De theorie over de gehechtheidsrelatie is oorspronkelijk geformuleerd door Bowlby in de jaren vijftig, later verder uitgewerkt en aangevuld door onder andere Ainsworth (1991) en Main (1985). De gehechtheidsrelatie kan vanuit diverse perspectieven benaderd worden. In haar lezing besteedde de spreekster met name aandacht aan de fases in de gehechtheidsontwikkeling en aan de kwaliteit van de gehechtheidsrelatie. Voor wat betreft de fases kan het volgende onderscheid gemaakt worden. De eerste fase van de gehechtheidsontwikkeling, die duurt tot ongeveer 8 à 12 weken, wordt de fase van de ‘pre–gehechtheid’ genoemd, waarin het gehechtheidsgedrag van de baby nog hoofdzakelijk instinctief bepaald is. Deze wordt gevolgd door de tweede fase van de ‘gehechtheid in de maak’, rond de tweede à derde levensmaand; in deze periode worden, door sensitief in te spelen op de behoeftes en stemmingen van de baby, emoties gedifferentieerder, meer georganiseerd en krijgen ze een meer interactief karakter. In de derde fase, die van de ‘duidelijke gehechtheid’, en die een periode bestrijkt van het einde van het eerste levensjaar tot het derde /vierde jaar, doen zich mede door de toenemende cognitieve vermogens en motorische vaardigheden, een aantal ontwikkelingen voor. Het kind ontwikkelt een mentaal beeld van de opvoeder. Met ongeveer 18 maanden raakt het zich ervan bewust een zelfstandig, autonoom persoon te zijn. Het ontwikkelt in deze periode eveneens een mentaal beeld van zichzelf, dat in hoge mate gekleurd is door de ervaringen die het heeft opgedaan in de relatie met zijn opvoeder. De vierde en laatste fase is de fase van het ‘partnership’, die rond het derde à vierde levensjaar begint en die verder doorloopt in puberteit en adolescentie. In deze fase neemt de egocentriciteit van het kind af en leert het steeds meer om perspectieven van anderen te zien en er rekening mee te houden.

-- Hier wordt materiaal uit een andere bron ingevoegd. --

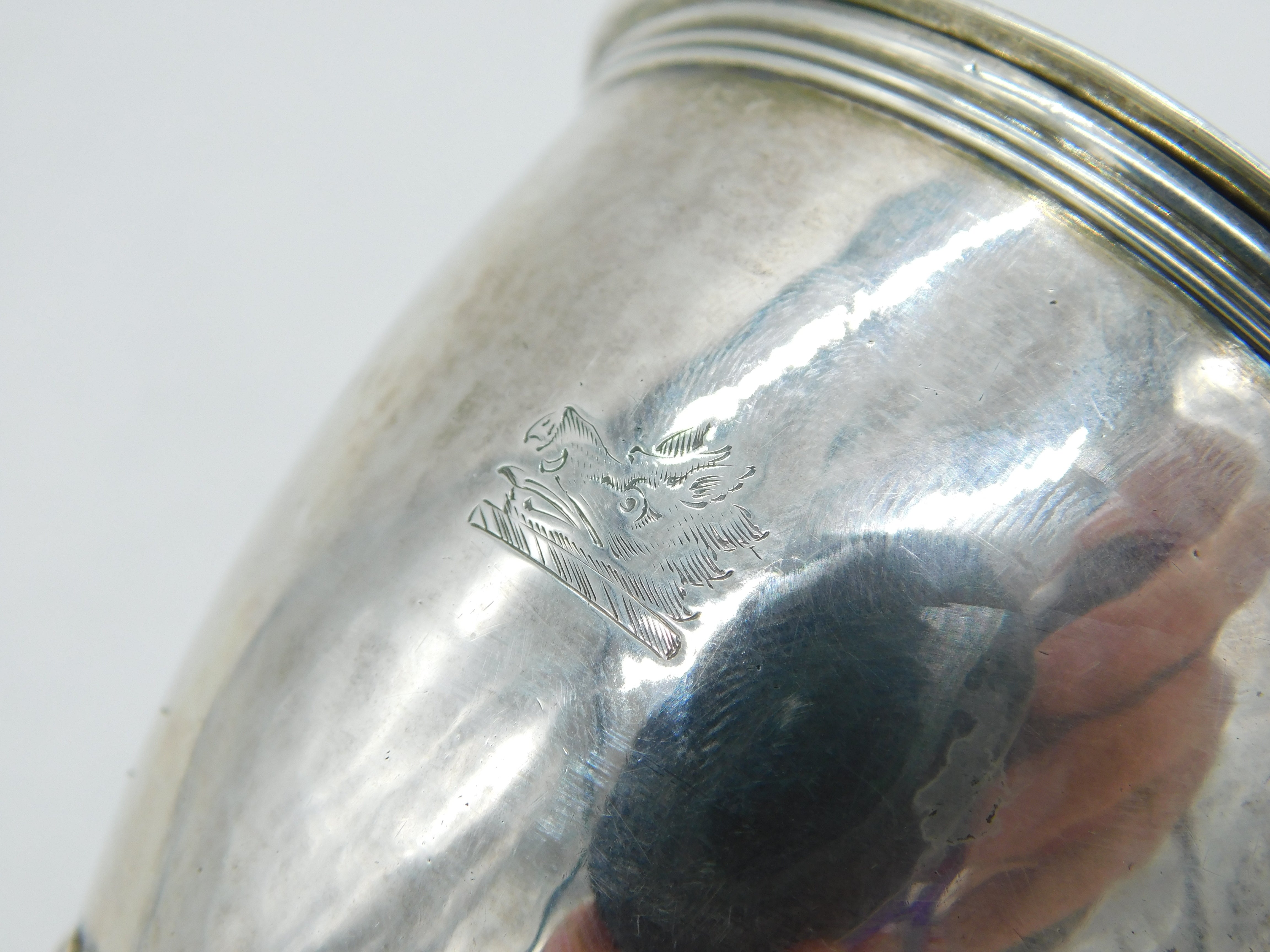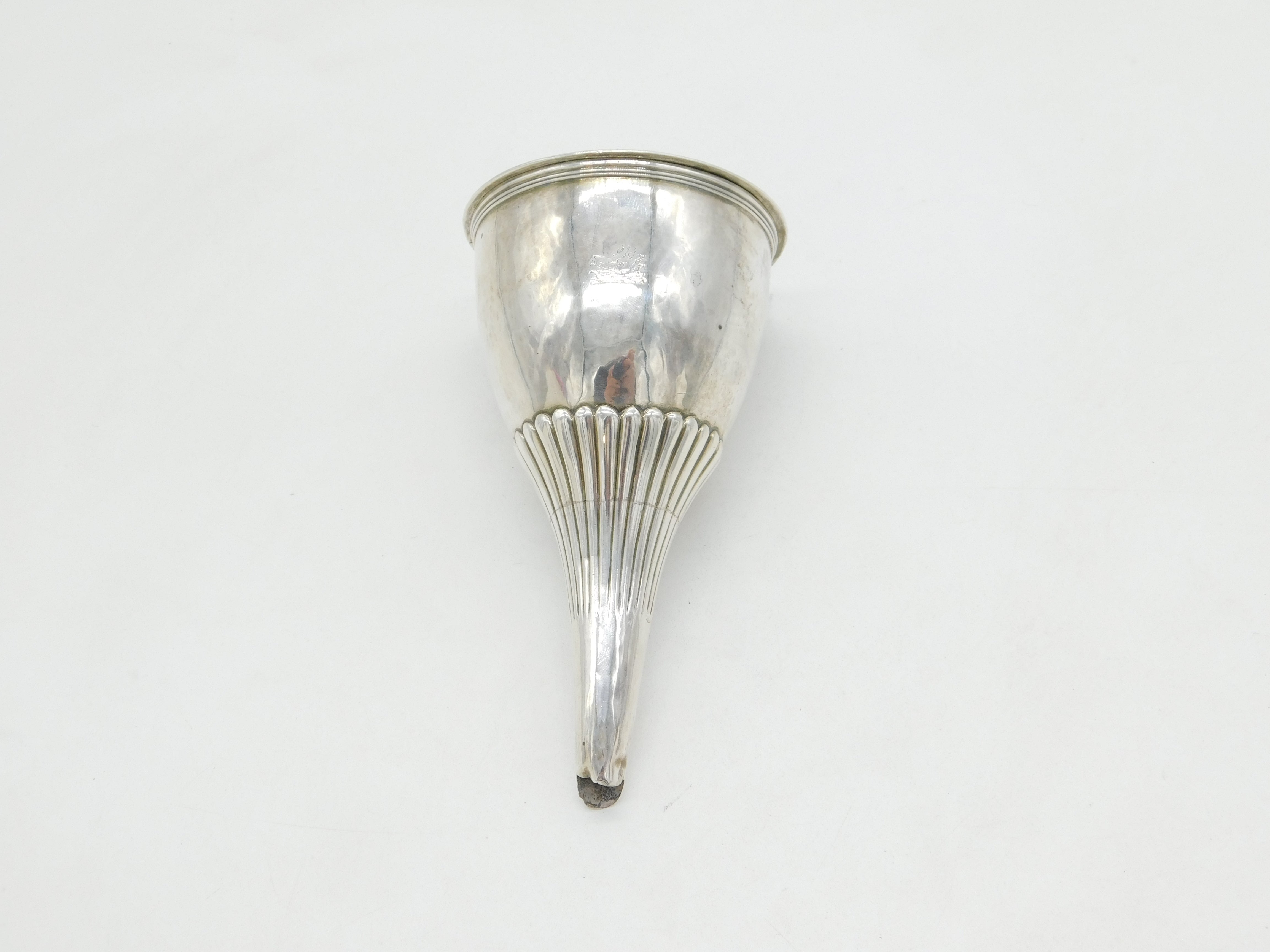 George III Sterling Silver Fluted Heraldic Crest Wine Funnel Antique 1800 London

Vervolgens ging de spreekster in op de kwaliteit van de gehechtheid c.q. de mate van veiligheid die de gehechtheidsrelatie biedt. Deze is afhankelijk van de sensitiviteit van de opvoeder voor de gehechtheidssignalen van het kind, in met name stressvolle situaties. Zo kan een onderscheid gemaakt worden tussen vermijdend–gehechte kinderen, ambivalent–gehechte kinderen en veilig–gehechte kinderen. Veel onderzoek naar de gehechtheidsontwikkeling is verricht bij normale populaties, onder baby's, peuters en kleuters. Lieberman (1990) heeft observaties gedaan bij kinderen uit klinische populaties. In haar lezing gaf de spreekster voorbeelden van gehechtheidsgedrag bij roekeloze en vroegrijpe kinderen. De laatste jaren is de toepassing van de gehechtheidstheorie in onderzoek bij volwassenen, zowel in de normale als de klinische populatie, meer op gang gekomen. Hierover is onder anderen gepubliceerd door Liotti (1991). Het was jammer dat de spreekster haar beginopmerking over de raakvlakken tussen Rogers' opvattingen over de therapeutische relatie en aspecten van de gehechtheidsrelatie niet verder uitwerkte. De betekenis van de ontwikkeling van de gehechtheid voor de therapeutische relatie bleef daarmee onderbelicht.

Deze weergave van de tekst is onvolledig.